The Fragility of Optimized Bandits



Much of the literature on optimal design of bandit algorithms is based on minimization of expected regret. It is well known that algorithms that are optimal over certain exponential families can achieve expected regret that grows logarithmically in the number of trials, at a rate specified by the Lai-Robbins lower bound. In this talk, we point out that when one uses such optimized algorithms, the resulting regret distribution necessarily has a very heavy tail, specifically, that of a truncated Cauchy distribution. We show that optimized UCB algorithms are also fragile in an additional sense, namely when the problem is even slightly mis-specified, the regret can grow much faster than the conventional theory suggests.
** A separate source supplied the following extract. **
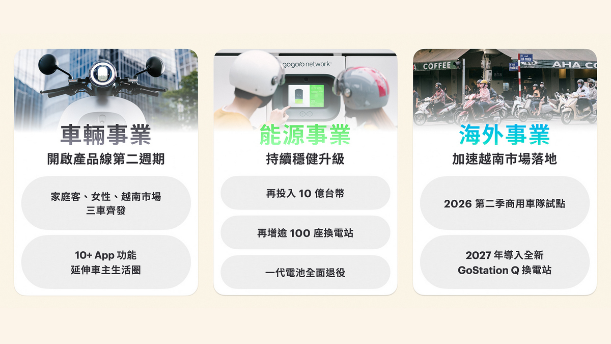Gogoro 歷經十年發展已成為台灣第四大車廠,並隨著 2025 年「聚焦」策略見效、營運體質大幅優化,正式啟動下一階段的產品佈局。隨著消費者生活情境與用車需求分眾化,Gogoro 將分別為女性、家庭客推出兩款新車、以及越南市場專屬車款,使產品更精準切合不同族群的使用情境。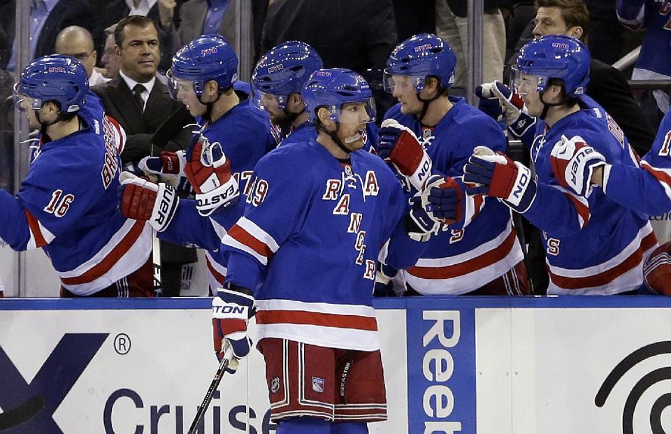 Derek Stepan also added a goal and assist to continue his strong second half. Benoit Pouliot scored his 14th on what’s been the Rangers’ most effective line. No surprise that it features Zuccarello, who added to his team best scoring total with his team high 39th assist on a beautiful set up for Pouliot. Not to be outdone, Henrik Lundqvist was sharp throughout making 27 saves. That included nine big ones in the first when defense was optional. He made 11 more in a better second.

To alleviate the fragility issues exposed, we show that UCB algorithms can be modified so as to ensure a desired degree of robustness to mis-specification. This is joint work with Lin Fan.



Peter W. Glynn is the Thomas Ford Professor in the Department of Management Science and Engineering (MS&E) at Stanford University, and also holds a courtesy appointment in the Department of Electrical Engineering. He received his Ph.D in Operations Research from Stanford University in 1982. He then joined the faculty of the University of Wisconsin at Madison, where he held a joint appointment between the Industrial Engineering Department and Mathematics Research Center, and courtesy appointments in Computer Science and Mathematics. In 1987, he returned to Stanford, where he joined the Department of Operations Research. From 1999 to 2005, he served as Deputy Chair of the Department of Management Science and Engineering, and was Director of Stanford's Institute for Computational and Mathematical Engineering from 2006 until 2010. He served as Chair of MS&E from 2011 through 2015. He is a Fellow of INFORMS and a Fellow of the Institute of Mathematical Statistics, and was an IMS Medallion Lecturer in 1995, a Lunteren Lecturer in 2007, the INFORMS Markov Lecturer in 2014, an Infosys-ICTS Turing Lecturer in 2019, and gave a Titan of Simulation talk at the 2019 Winter Simulation Conference. He was co-winner of the Outstanding Publication Awards from the INFORMS Simulation Society in 1993, 2008, and 2016, was a co-winner of the Best (Biannual) Publication Award from the INFORMS Applied Probability Society in 2009, was the co-winner of the John von Neumann Theory Prize from INFORMS in 2010, and gave the INFORMS Philip McCord Morse Lecture in 2020. In 2012, he was elected to the National Academy of Engineering, and in 2021 he received the Lifetime Professional Achievement Award of the INFORMS Simulation Society. He was Founding Editor-in-Chief of Stochastic Systems and served as Editor-in-Chief of Journal of Applied Probability and Advances in Applied Probability from 2016 to 2018. His research interests lie in simulation, computational probability, queueing theory, statistical inference for stochastic processes, and stochastic modeling.